Pub Date: March 14th, 1979
Publisher: Harper & Row

Maling's stockbroker-detective series is strong on financial shenanigans, and so is this swift London/Holland suspense. But more important, it features a hero who's tough enough to fend for himself and vulnerable enough to care about--John Cochran, an ex-U.S. Treasury agent who became an England-to-Europe money smuggler after the trauma that left him penniless, jobless, and guilt-ridden in London: he spirited his little daughter away from his cruel ex-wife, only for the girl to die of meningitis (was it his fault?). And now John has new problems, though he's unaware of how serious they are. He's been hired to smuggle a wimpy English aristocrat's dwindled fortune to Switzerland--that much Cochran knows, and it won't be easy, considering the bulk of the cash.

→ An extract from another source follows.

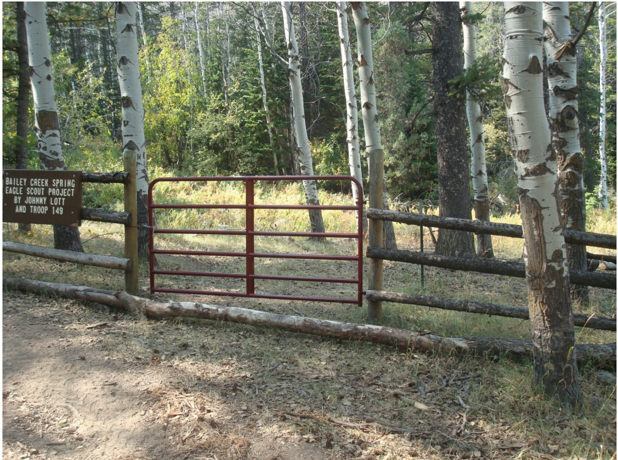
Bailey Creek Fencing
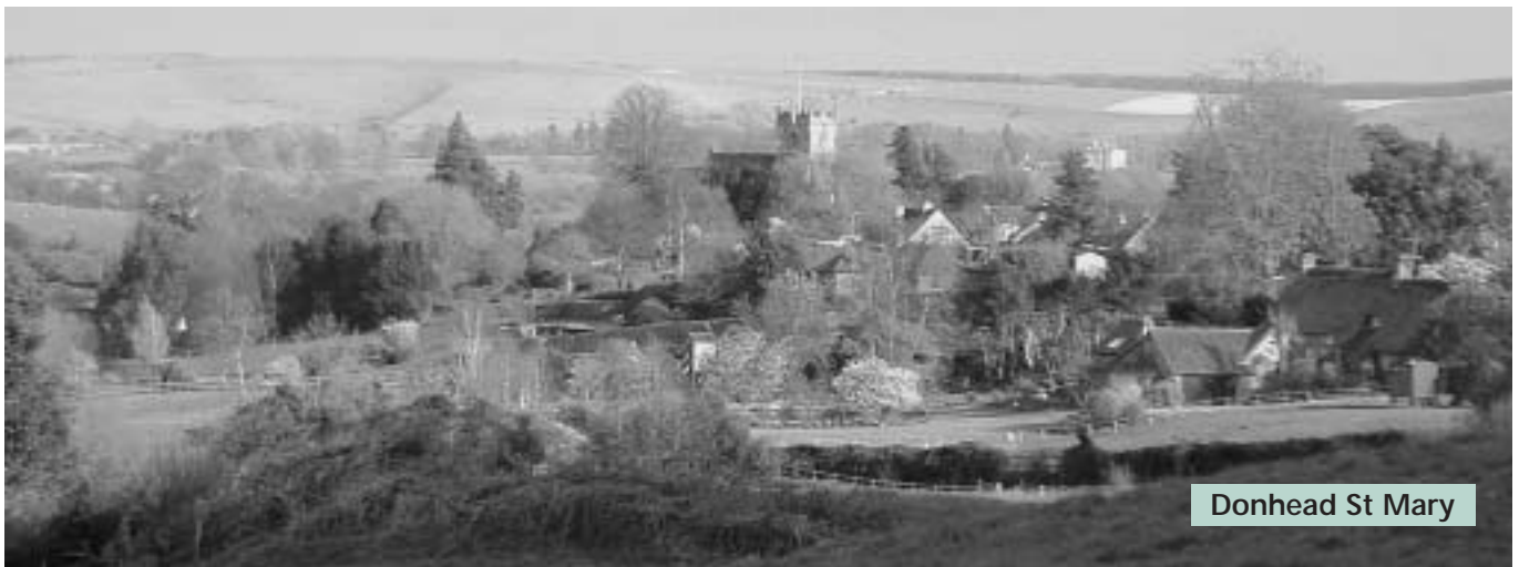
Donhead St Mary

What he doesn't know is that the aristocrat's faded family lawyer has also hired a psychopathic thug to ambush Cochran in Holland and steal the cash for the lawyer's own benefit. While Cochran prepares for the boat run to the Hook of Holland and finally meets a woman who might be able to rehabilitate him, we watch the psychopath--a truly terrifying, xenophobic Irish bisexual with a knife who makes a dry run and kills a shouting woman while stealing a getaway car in Switzerland; he doesn't realize she's just telling him to observe the ""Rauchen Verboten"" (No Smoking) sign. And all the principals converge on the scenic bridges of Amsterdam, where the lawyer kills the aristocrat, the psychopath kills the lawyer, and Cochran escapes alive enough to consider starting life over at 40. Tautly plotted, distinctively populated, convincingly romantic--perfect material for a Hitchcock film or an all-in-one-sitting late-night read.